President Obama is expected to pick former Nebraska Senator Chuck Hagel as his new Secretary of Defense on Monday, setting up a battle between the left and right flanks of the Israel lobby and between realist supporters of Hagel and his neoconservative detractors. 

Foreign Policy‘s Josh Rogin has the story:

White House officials and sources close to Hagel declined to confirm to The Cable that Hagel is the president’s choice to be the replace Leon Panetta at the helm of the Pentagon, but several sources close to the process said have told The Cable that the White House and Hagel have been in touch on a regular basis and that Hagel is indeed the expected pick. Decisions about the timing and logistics of the announcement are being finalized now.

The Cable had previously confirmed that Hagel successfully complete the vetting process, as have Deputy Defense Secretary Ash Carter and former Under Secretary of Defense for Policy Michele Flournoy.

But other White House observers cast doubt on the Hagel pick earlier today. Speaking on MSNBC’s “Morning Joe” show, reporter Chuck Todd said that while Obama was in love with the idea of picking Hagel, the administration was going to yank the former senator from contention later today. Watch Todd’s prediction:

We’ll have to wait and see who is right: Rogin or Todd. On the same show, as Think Progress notes, the panel derided the campaign against Hagel as “unbelievable,” “disgusting” and “disgraceful.”

The Daily Beast’s Eli Lake also reports that Hagel is Obama’s pick. 

Update: After his morning appearance casting doubt on the Hagel nomination, Todd reports for NBC that “key special-interest groups involved in national security issues say they have been told to be prepared for a Chuck Hagel nomination for Defense Secretary, either as early as Monday or perhaps more likely Tuesday of next week.

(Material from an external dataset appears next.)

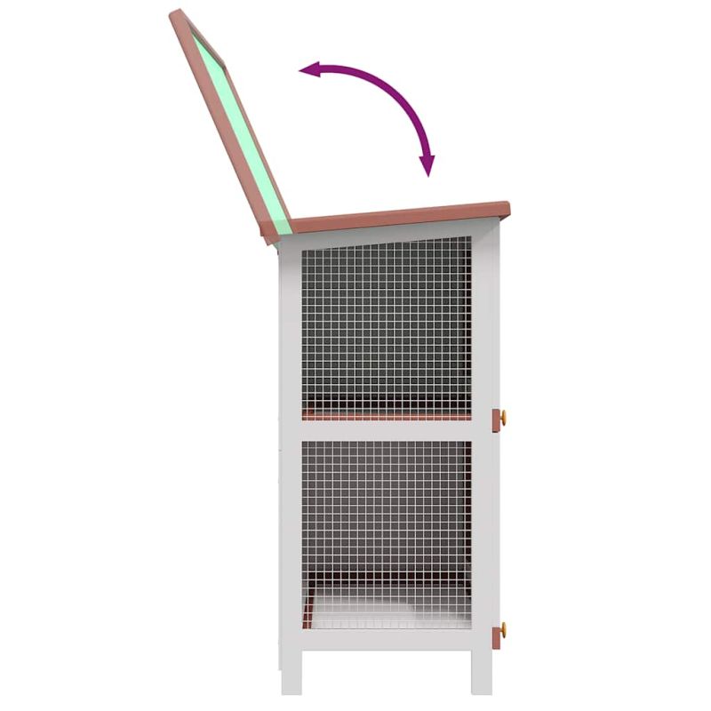 Тази качествена клетка на 2 нива е предназначена за малки животни и най-вече зайци. В нея зайците могат да играят, да се упражняват и в същото време да бъдат в безопасност. Клетката за зайци осигурява на вашите домашни любимци голямо пространство за упражнения, докато здравата метална мрежа помага за предотвратяване на пакости и неочаквани злополуки. Същевременно телената мрежа ви позволява да наблюдавате домашните любимци, а на тях им позволява да наблюдават околността и да получават достатъчно чист въздух. Клетката е изработена от висококачествена дървена рамка, която я прави здрава и устойчива за дълги години на употреба. Зеленият покрив предпазва от дъжда, докато затвореното кубично отделение гарантира удобен сън. Двете издърпващи се тави правят почистването лесно. Вратите се затварят лесно и се заключват с плъзгащи резета. Тази дървена клетка за зайци е идеална за малки домашни любимци. Важна забележка: Препоръчваме ви да поставите клетката за зайци под навес. Това ще удължи експлоатационния ѝ живот.

Meanwhile, Rogin also notes another interesting tidbit related to the Hagel pick: the leader of the Log Cabin Republicans, which took out a full-page ad in the New York Times opposing Hagel, has resigned. The Guardian’s Glenn Greenwald had raised questions about where the Log Cabin Republican group, a pro-gay conservative organization, got the money for the ad. Greenwald questioned whether advocates for Israel or neoconservatives had paid for the New York Times ad.

And in other Hagel news, Jewish Voice for Peace has endorsed the potential pick. From an e-mail they sent out to supporters:

America’s Israel Lobby has unleashed a vicious smear campaign against former U.S. Senator Chuck Hagel, an independent thinker who President Obama wants for Secretary of Defense.

Unless we act now to counter thousands of emails that Israel lobby groups have already sent to the White House, President Obama may yield to pressure, sending the message that the Israel Lobby has veto power over all key positions in the Administration.

Sign the petition now and send to everyone you know.

Chuck Hagel is an old-school conservative Republican, unlikely to make major changes in foreign policy. But he is being targeted because he is reluctant to go to war with Iran, believes we should keep the door open to dialogue with groups like Hamas and Hezbollah, and doesn’t kowtow to AIPAC.

His conservative track record means he may not be everyone’s top pick, but this battle is much bigger than Chuck Hagel.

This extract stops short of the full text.